Comment 1 Andreas Färber 2018-08-15 12:18:28 UTC
Sounds like the dracut initrd is too large for the BB's RAM?
Comment 2 Matwey Kornilov 2018-08-15 15:22:11 UTC
I would not say so.

I've take openSUSE Leap 15.0 image and installed 4.17.14 kernel from RPM. This means that KIWI part of dracut was omitted.
initrd size is 14MB

13749120 авг 14 20:31 initrd-4.17.14-1.gdf1fc0f-default
Comment 3 Guillaume GARDET 2018-08-16 09:26:28 UTC
I reproduced this problem on Beaglebone as you, but also on Beagle xM (openSUSE-Tumbleweed-ARM-JeOS-beagle.armv7l-2018.08.13-Build1.1.raw).

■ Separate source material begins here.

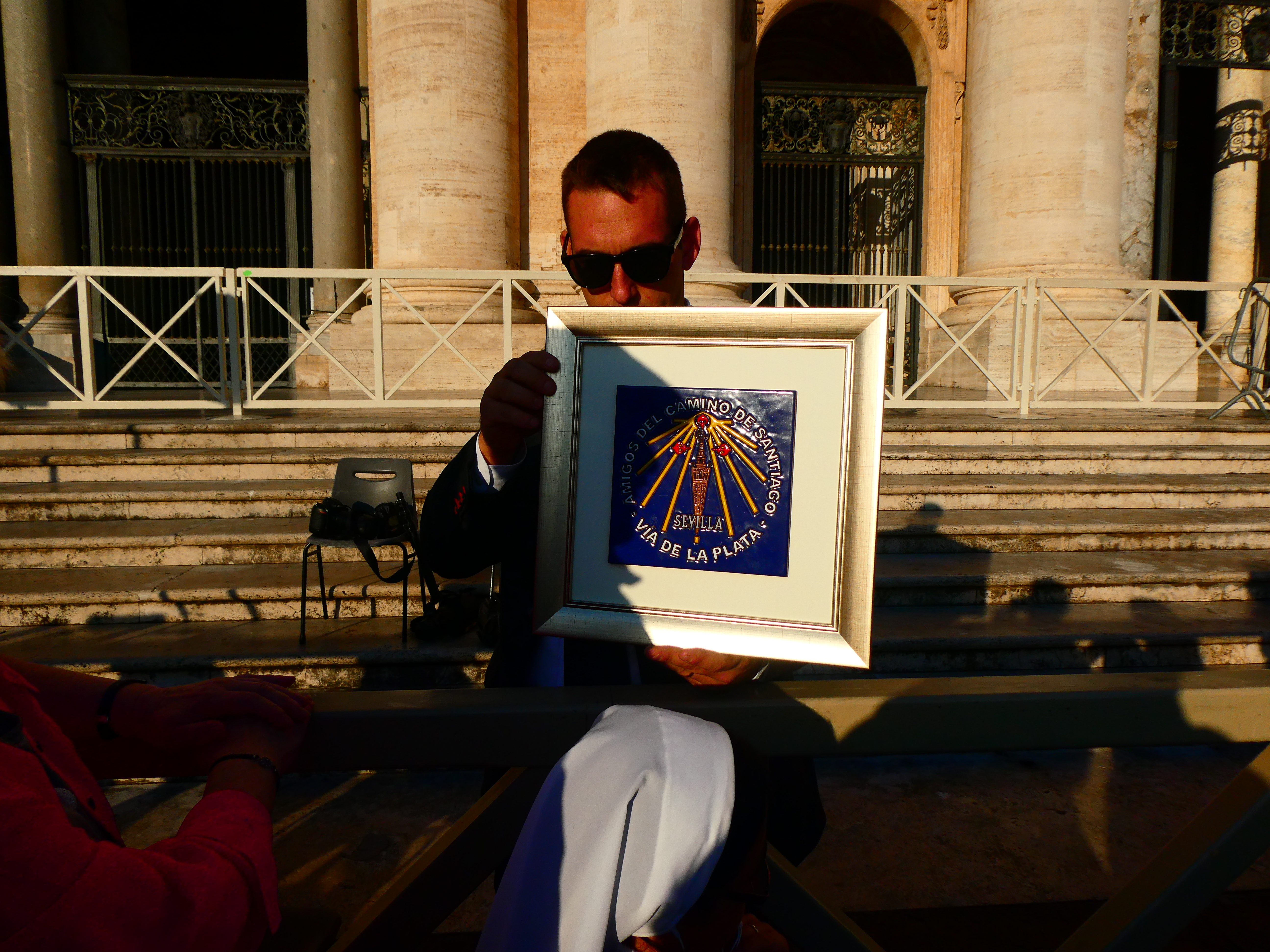 El Papa Francisco parece más frágil en las distancias cortas; el peso del cargo se trasluce en sus ademanes y movimientos, y, sin embargo, su eterna sonrisa, y esa luz que refleja su figura, suavizan cualquier tensión o preocupación a su alrededor e infunde un sentimiento de alegría irreprimible. Bonito recuerdo el que nos llevamos, aunque no podamos entregarle el presente en mano; con posterioridad, en la Navidad, una felicitación de la Santa Sede, que incluye un agradecimiento por el presente, llegará a nuestra sede social para nuestra tranquilidad y regocijo.

Raspberrypi2 (openSUSE-Tumbleweed-ARM-JeOS-raspberrypi2.armv7l-2018.08.13-Build1.1.raw) and Arndale (openSUSE-Tumbleweed-ARM-JeOS-arndale.armv7l-2018.08.13-Build1.1.raw, with a little fix on u-boot to get bootefi command) are fine.
Comment 4 Alexander Graf 2018-08-16 11:27:06 UTC
That sounds to me as if grub puts the initrd in a place that by accident gets overwritten by kernel contents later.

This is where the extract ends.